Usually when fixtures go out they go Out!
Switches can also go out.
And as mentioned, breakers can go to squirrel city.
Heavy amp usage breakers like Bath and Kitchen often go bad first.
 
I wired my house in 2018 when we built it. I used almost all LED fixtures with bulbs only in the ceiling fans. From all I have read there is no energy savings to leaving the light on if you're re-entering the room in 30 seconds. The start up energy equals the energy savings in the first 3 seconds.
 
There is no reason to leave LED bulbs on 24/7 unless you're afraid of the dark. They're designed to be switched on and off as usual. Flickering occasionally is usually a bulb failure. I replaced a LED bulb the other day that was said to last 13 years on the box and lasted 1 year.
 
Most of our lights have been LEDs for several years, they are turned on when we need them and off when we don't.
I am a little confused by your use of the term 'fixtures'. All of our fixtures/sockets are 50 years old, Incandescent to Fluorescent to LED no change needed.

Some fixtures have the LED lights built in, not separate bulbs. If they fail, the fixture must be replaced.

I have both styles, converting from incandescent to LED over the years, and turn them off/on as needed. I haven't changed an LED light yet. In fact, I have four Edison bulbs in the second bathroom that have been there since 1993.
 
When I first converted my fluorescent fixtures to LED, I had three or four bad LED tubes which started flickering fairly quickly after installation. Very irritating when that happens, and they need to be replaced quickly. But most of the LED tubes were OK. In total, I replaced around 25 fluorescent tubes over a period of several months. 12 were in one room.
 
I have little knowledge of electrical matter but our house is less than 10 years old. In the room I am in now is a ceiling fan/light fixture. I switched to LED bulbs as the OEM incandescent quit. The LED flickered constantly. I removed them put incandescent bulbs back in and the flickering stopped.
Anyone able to explain that?
 
Never had an issue with removing ballasts and replacing florescent tubes with LED (sometimes have to change sockets).

LED on dimmers can be problematic even when they are dimmer compatible (my wife can hear them, I can't) or they flicker when not full on.
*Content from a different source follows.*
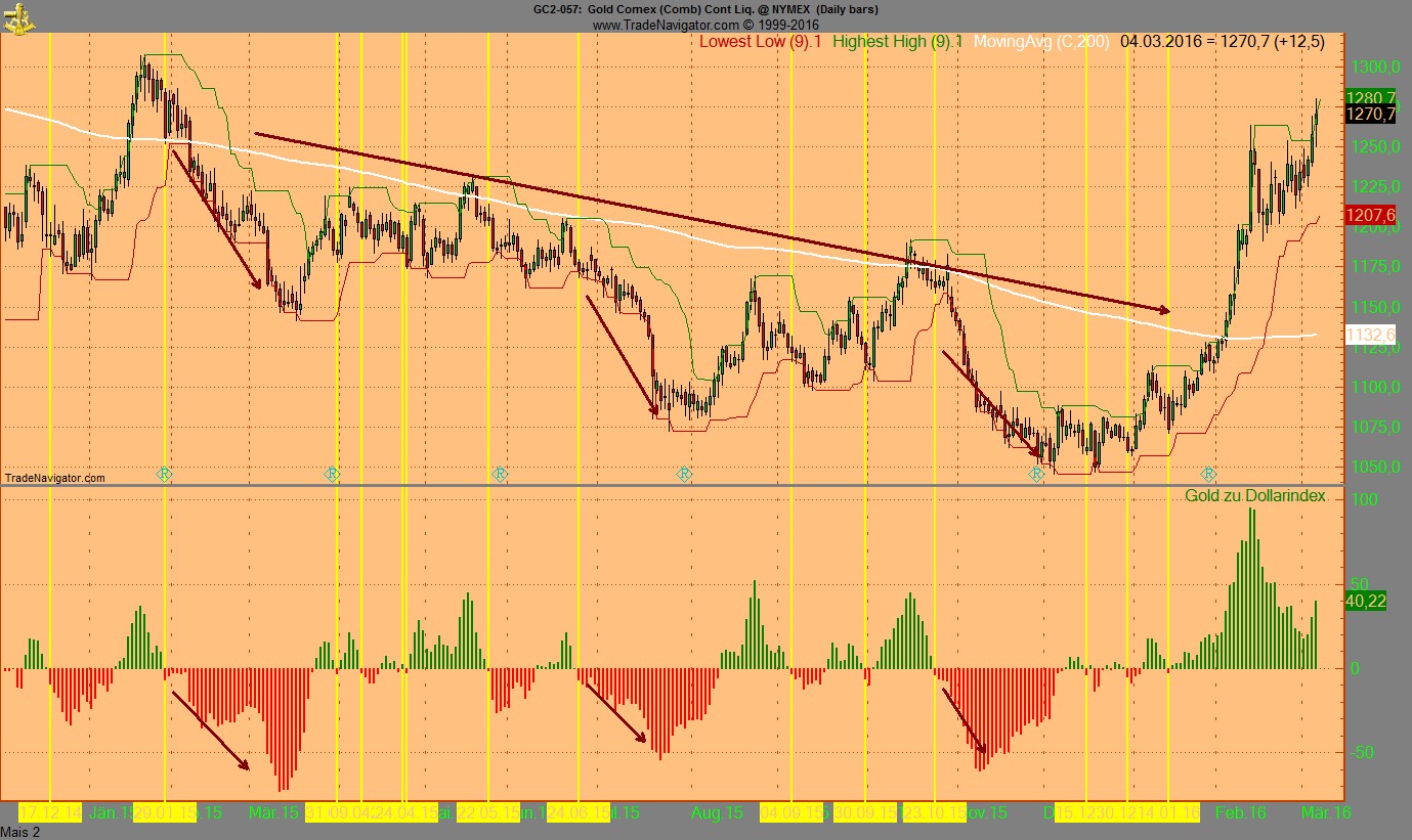 Mein Spread Indikator, der den Wert des Goldes relativ zum Dollar betrachtet, zeigt sehr schoen....naja, ihr seht ja selber.........

12 VAC landscape LED lights can create radio frequency interference and cause issues with your garage door opener (ask me how I know).

In general they don't wear out but there are early failures just like anything else.
 
I bought a four bulb ceiling fixture to solve a years long lighting problem in our kitchen. Instead of incandescent bulbs I used LEDs. The light was beautiful, but after a few months one of the LEDs started to intermittently flicker. Only when my back was turned, of course.

It took months for me to identify the bad one and replace it. It probably would have been better for my sanity to just replace all four.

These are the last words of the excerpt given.